The Thwaites Glacier, famously dubbed the “Doomsday Glacier,” has dominated international headlines this week as a high-stakes scientific mission in West Antarctica faced a catastrophic equipment failure. As of 06 February 2026, researchers are grappling with the loss of critical sensors designed to monitor the glacier’s accelerating melt, which threatens to raise global sea levels by up to 65 centimetres.
The international team, comprising scientists from the British Antarctic Survey and South Korea, successfully used hot-water drills to create a borehole roughly 1,000 metres (3,300 feet) deep. While the mission captured rare, “crazy” footage of the glacier’s underbelly via a lowered camera, the primary objective—installing a long-term sensor array—ended in “heartbreak” when the instruments became stuck or lost within the icy core.
Why the “Doomsday” Label?
Thwaites is roughly the size of the United Kingdom (192,000 km²) and acts as a cork for the West Antarctic Ice Sheet. Its collapse would not only contribute 25 inches to sea-level rise directly but could destabilize neighbouring glaciers, potentially leading to several metres of global sea-level increase over centuries. Currently, the glacier accounts for approximately 4% of annual global sea-level rise.
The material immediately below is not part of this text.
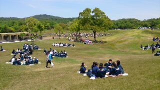 予定通り、滋賀県の希望ヶ丘文化公園に到着。広場で昼食を食べています。

The 80-Kilometre “Sea Curtain” Proposal
In response to findings that the glacier is melting faster than previously modelled, a controversial geoengineering debate has resurfaced this week. Experts are discussing the feasibility of a 50-mile (80-kilometre) seabed curtain or wall. This 150-metre-tall barrier would be anchored to the seafloor to block warm circumpolar deep water from reaching the glacier’s grounding line—the point where the ice meets the ocean floor and is most vulnerable to erosion.
| Metric | Data Point |
|---|---|
| Surface Area | ~192,000 km² |
| Front Width | 120 km |
| Potential Sea Level Rise | 65 cm (direct) |
| Recent Borehole Depth | 1,000 metres |
Current Scientific Outlook
Despite the recent setback with the borehole instruments, the mission has provided new insights into the “upside-down world” beneath the ice shelf. Researchers observed that the ice base is not a smooth surface but a complex landscape of terraces and crevasses where melting is most intense. The failure of the 2026 drilling mission underscores the extreme difficulty of operating in the most remote region of Antarctica, located more than 1,600 kilometres from the nearest permanent research station.
While the “Doomsday Clock” was recently adjusted to 85 seconds to midnight, the focus remains on whether human intervention—either through radical geoengineering like the “Sea Curtain” or drastic emissions reductions—can prevent the Thwaites grounding line from retreating into the deep basins of the West Antarctic interior.